DATA UNDER STUDY Start Marker

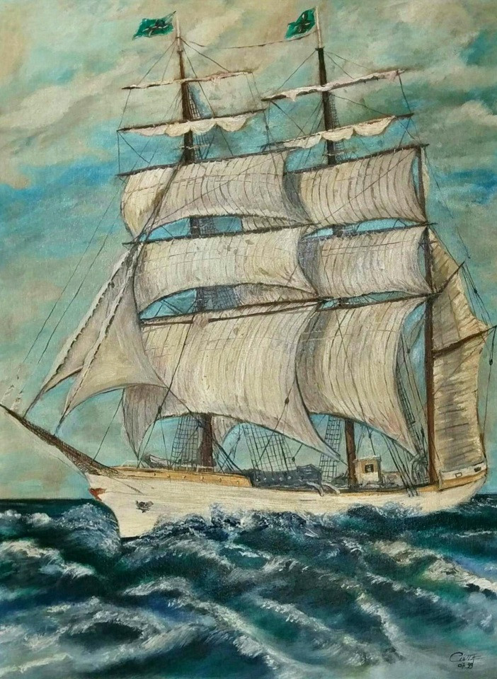 Le trois matsUne représentation typique d'un trois mats d'époque.Date : Juillet 1999Technique : Huile sur ContreplaquéSupport : ContreplaquéTaille : 80 x 60 cmEncadrement : Encadrement mouluré bois
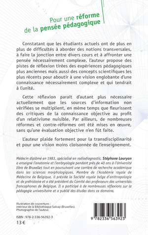 Constatant que les étudiants actuels ont de plus en plus de difficultés à aborder des notions transversales, à faire la jonction entre divers cours et à affronter une pensée nécessairement complexe, l'auteur propose des pistes de réflexion tirées des expériences pédagogiques plus anciennes mais aussi des concepts scientifiques les plus récents pour aboutir à une vision englobante d'une connaissance nécessairement complexe et qui tendrait à l'unité. Cette réflexion paraît d'autant plus nécessaire actuellement que les sources d'information non vérifiées se multiplient, en même temps que fleurissent des critiques de la connaissance objective au profit d'un relativisme nuisible. Par ailleurs, de nombreuses réformes et contre-réformes ont été mises en oeuvre sans qu'une évaluation objective n'en fût faite. L'auteur plaide fortement pour la transdisciplinarité et pour une vision moins cloisonnée de l'enseignement.
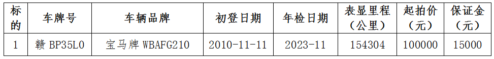 宝马牌赣BP35L0机动车网络第二次拍卖公告
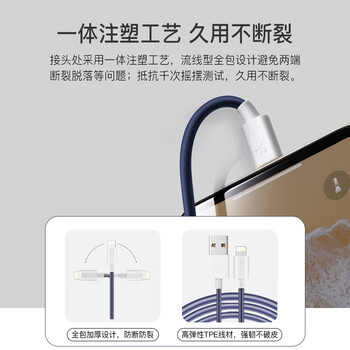 Zack扎克 苹果MFi认证 Type-C数据线通用iPhone12/11Pro/XSMax/XR/SE2/8p/7手机兼容充电线快充iPad平板 蓝白
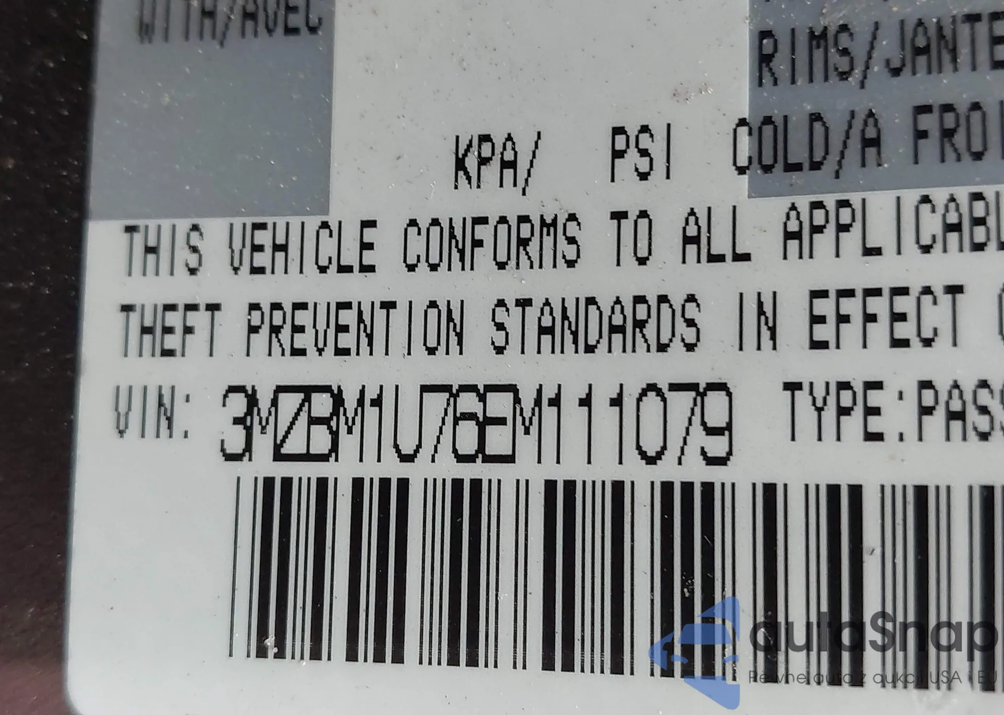 • VIN 3VWBM7BU7PM046189
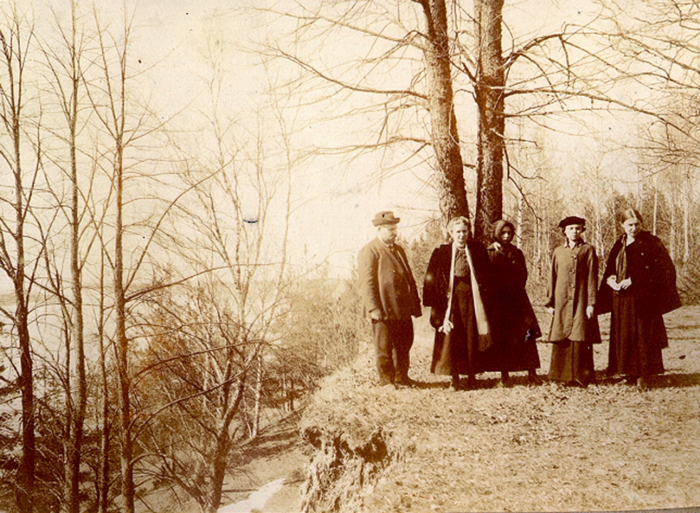 Наталия Павловна Дурдина с матерью и неизвестными женщинами у лестницы перед домом
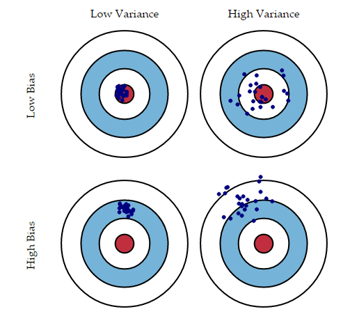 右下:预测数据点既不靠近靶心(高偏差)也不彼此靠近(高方差) 高偏差和高方差都会导致误差增加。通常,高偏差表示拟合不足,而高方差表示拟合过度。既要实现低偏差又要实现低方差是非常困难的——一个通常是以另一个为代价的。
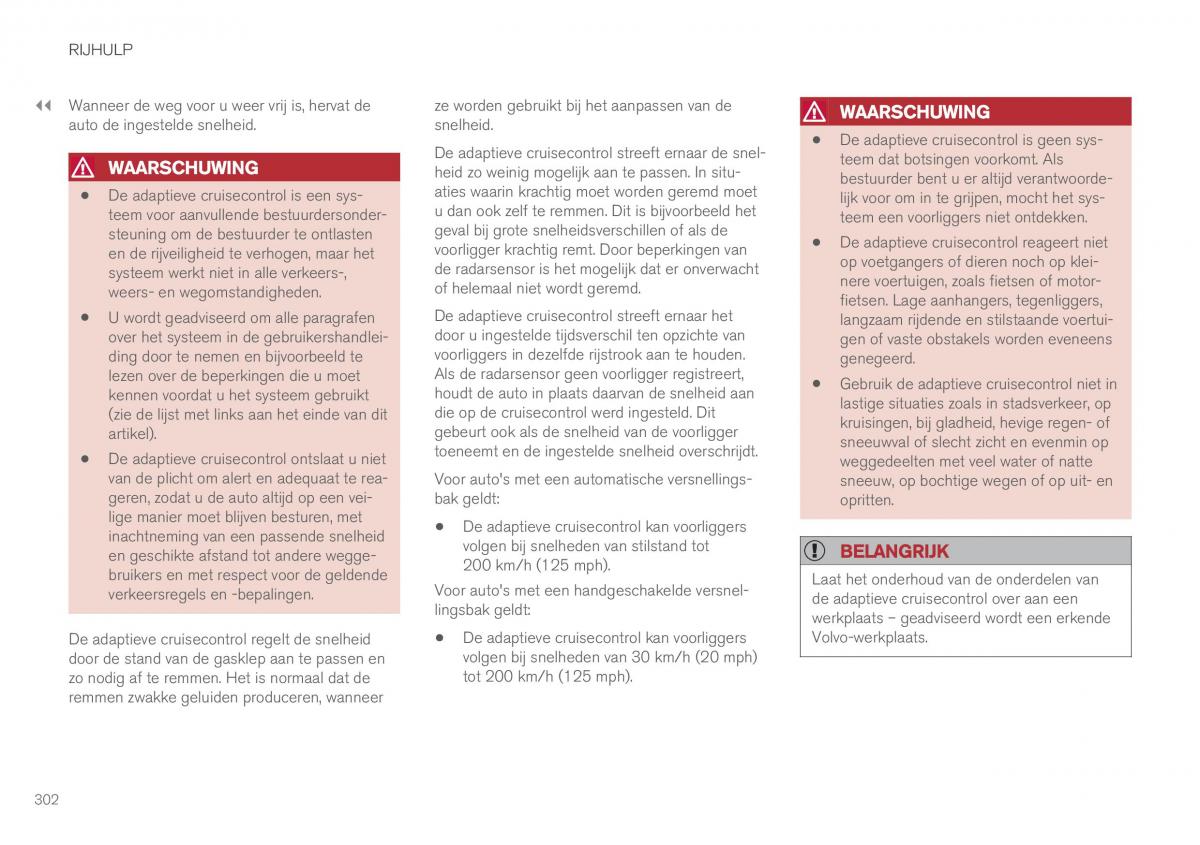 U wordt geadviseerd om alle paragrafenDe adaptieve cruisecontrol streeft ernaar het
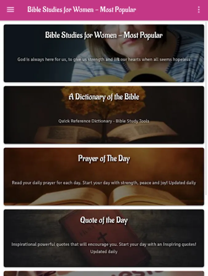 Bible to strengthen women’s faith. When you need to lift your spirits or tackle life’s challenges, the Bible is always there to offer guidance. This inspiring approach to Bible study for women combines a daily prayer reading application.
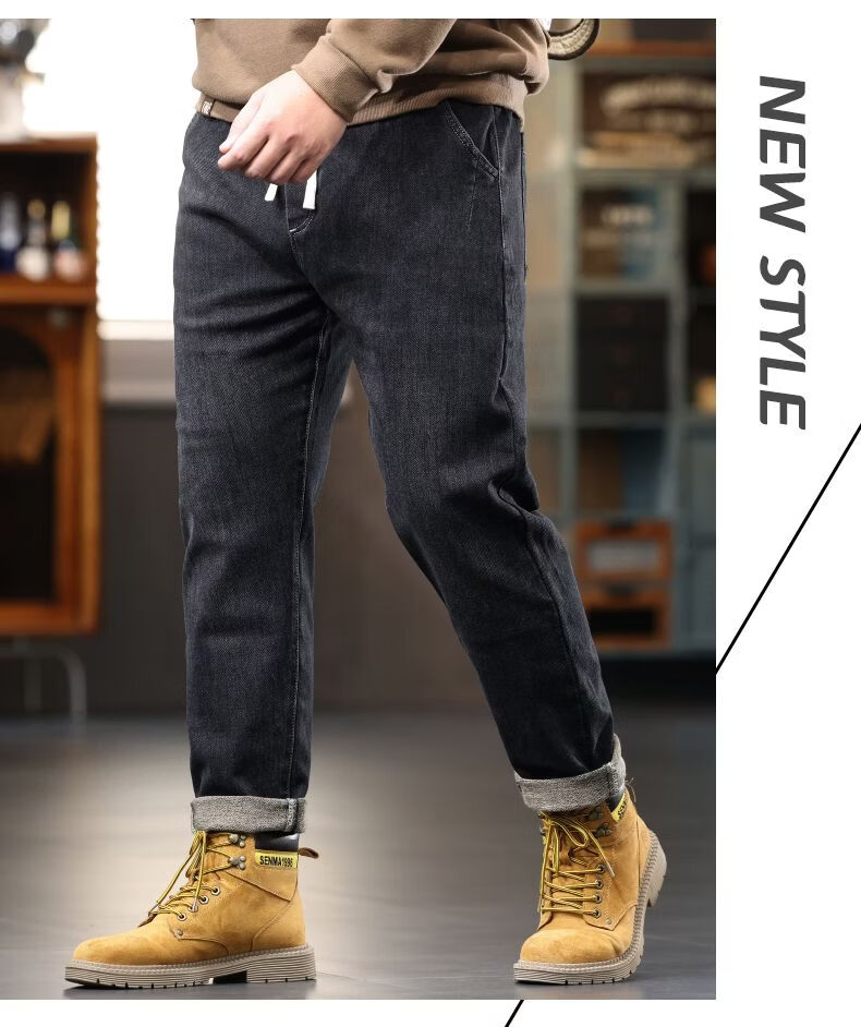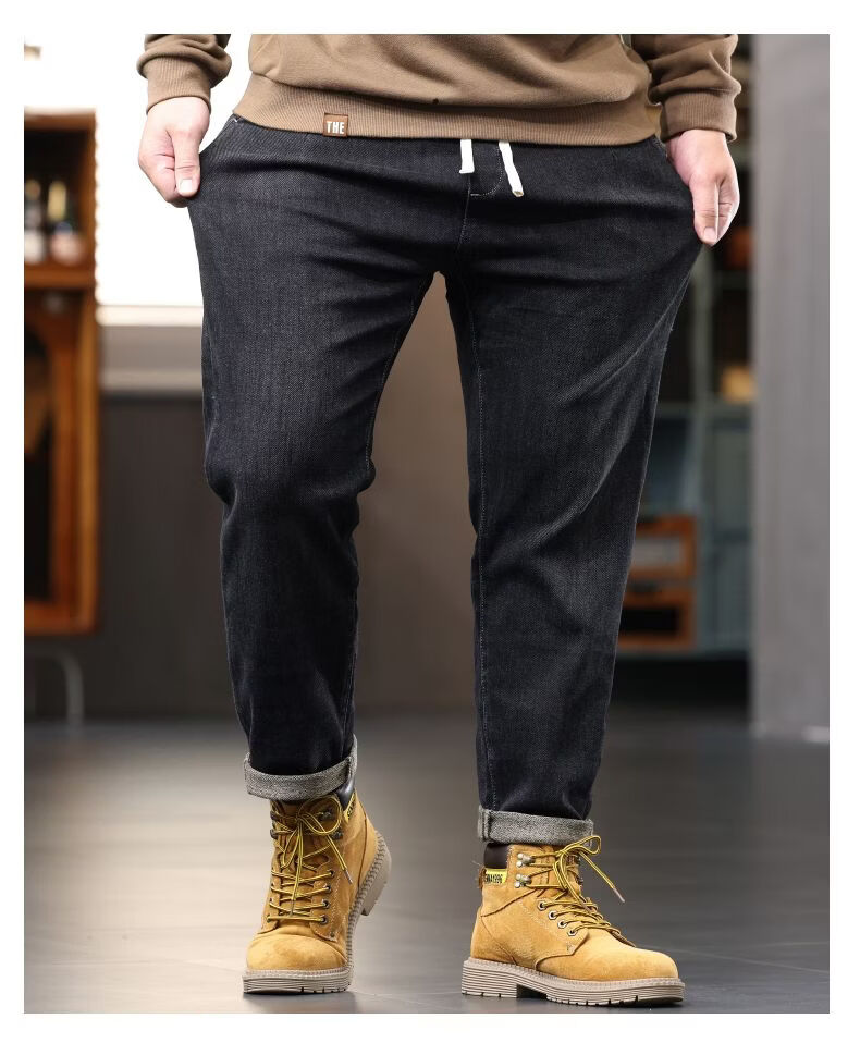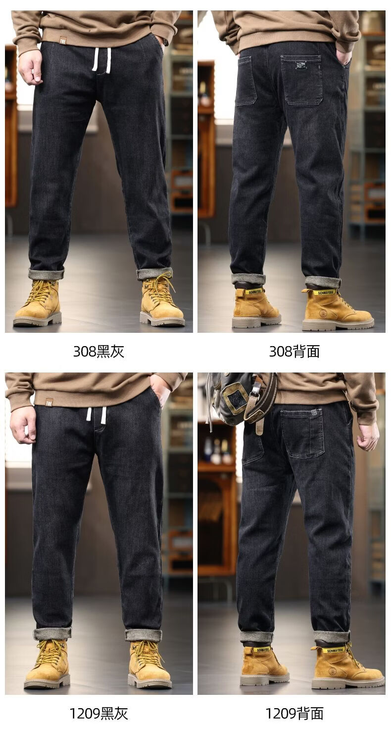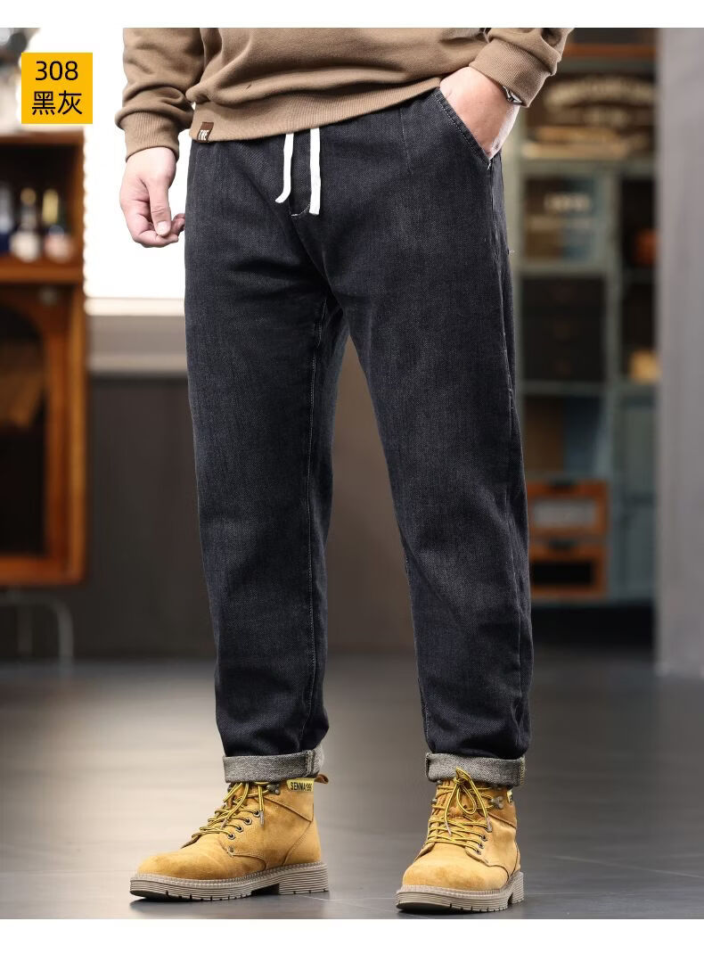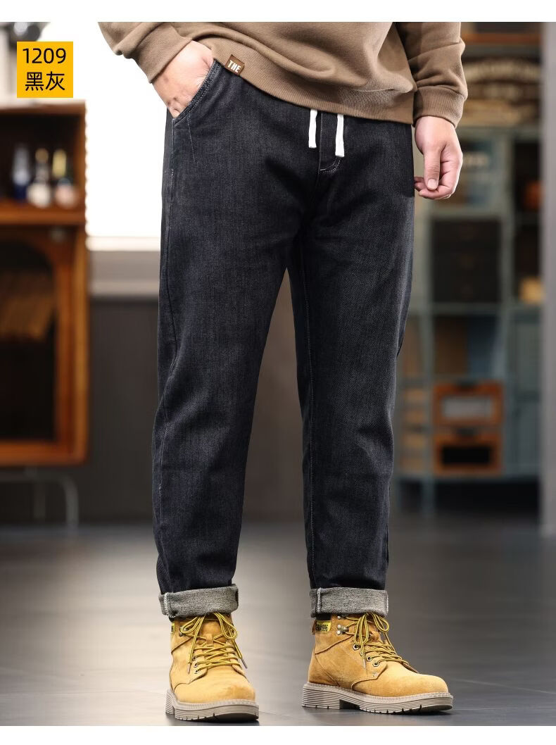 啄木鸟大码胖子松紧腰牛仔裤男秋冬加厚宽松直筒休闲百搭潮流潮牌男裤子 黑灰 1209 M
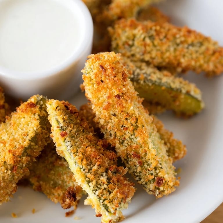 Panko breadcrumbs make a huge difference here because their large flakes create air pockets that turn incredibly crispy. Regular breadcrumbs still give you good results just maybe not that restaurant level crunch. The key is pressing the crumbs onto the pickles firmly so they really adhere.
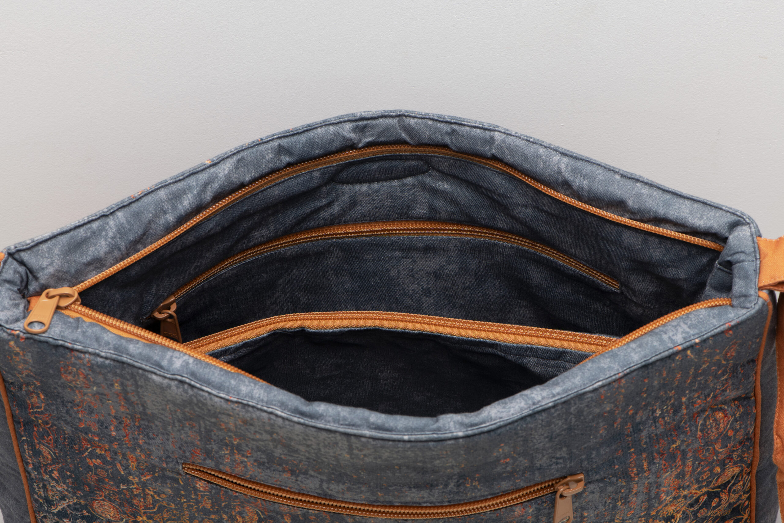 PRODUCT FEATUERES: INTERIOR: Two slip pockets and a large zippered pocket. EXTERIOR: Zippered back pocket. Zip-top closure on main compartment.Features sturdy and durable YKK zippers throughout the bag.
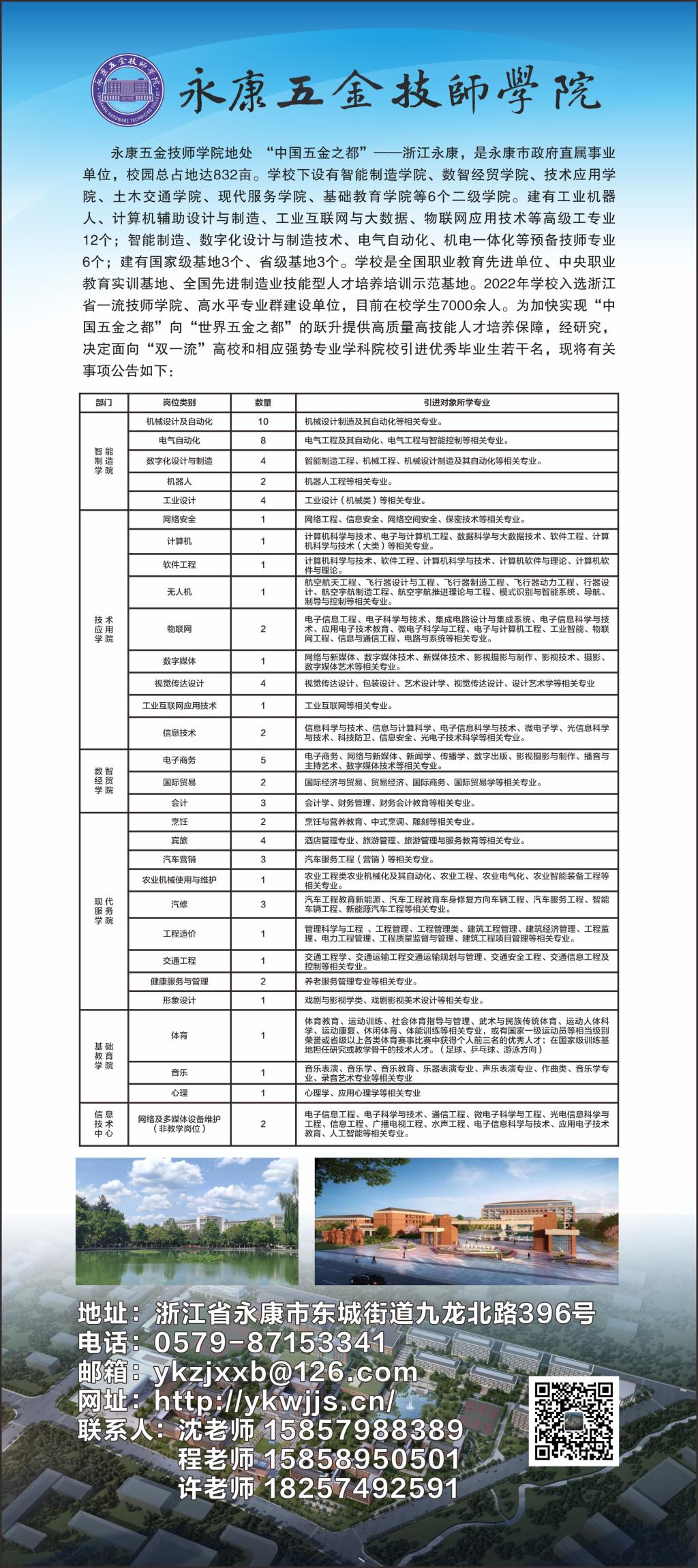 就业【2023】13号 永康五金技师学院2023年人才招聘启事

DATA UNDER STUDY End Marker

Your reply should hold only the lines running from the one with "Panko breadcrumbs make" to the end of the data above, set down exactly, pictures omitted.

• **RESULT FOR THIS EXERCISE**:
 Panko breadcrumbs make a huge difference here because their large flakes create air pockets that turn incredibly crispy. Regular breadcrumbs still give you good results just maybe not that restaurant level crunch. The key is pressing the crumbs onto the pickles firmly so they really adhere.
 PRODUCT FEATUERES: INTERIOR: Two slip pockets and a large zippered pocket. EXTERIOR: Zippered back pocket. Zip-top closure on main compartment.Features sturdy and durable YKK zippers throughout the bag.
 就业【2023】13号 永康五金技师学院2023年人才招聘启事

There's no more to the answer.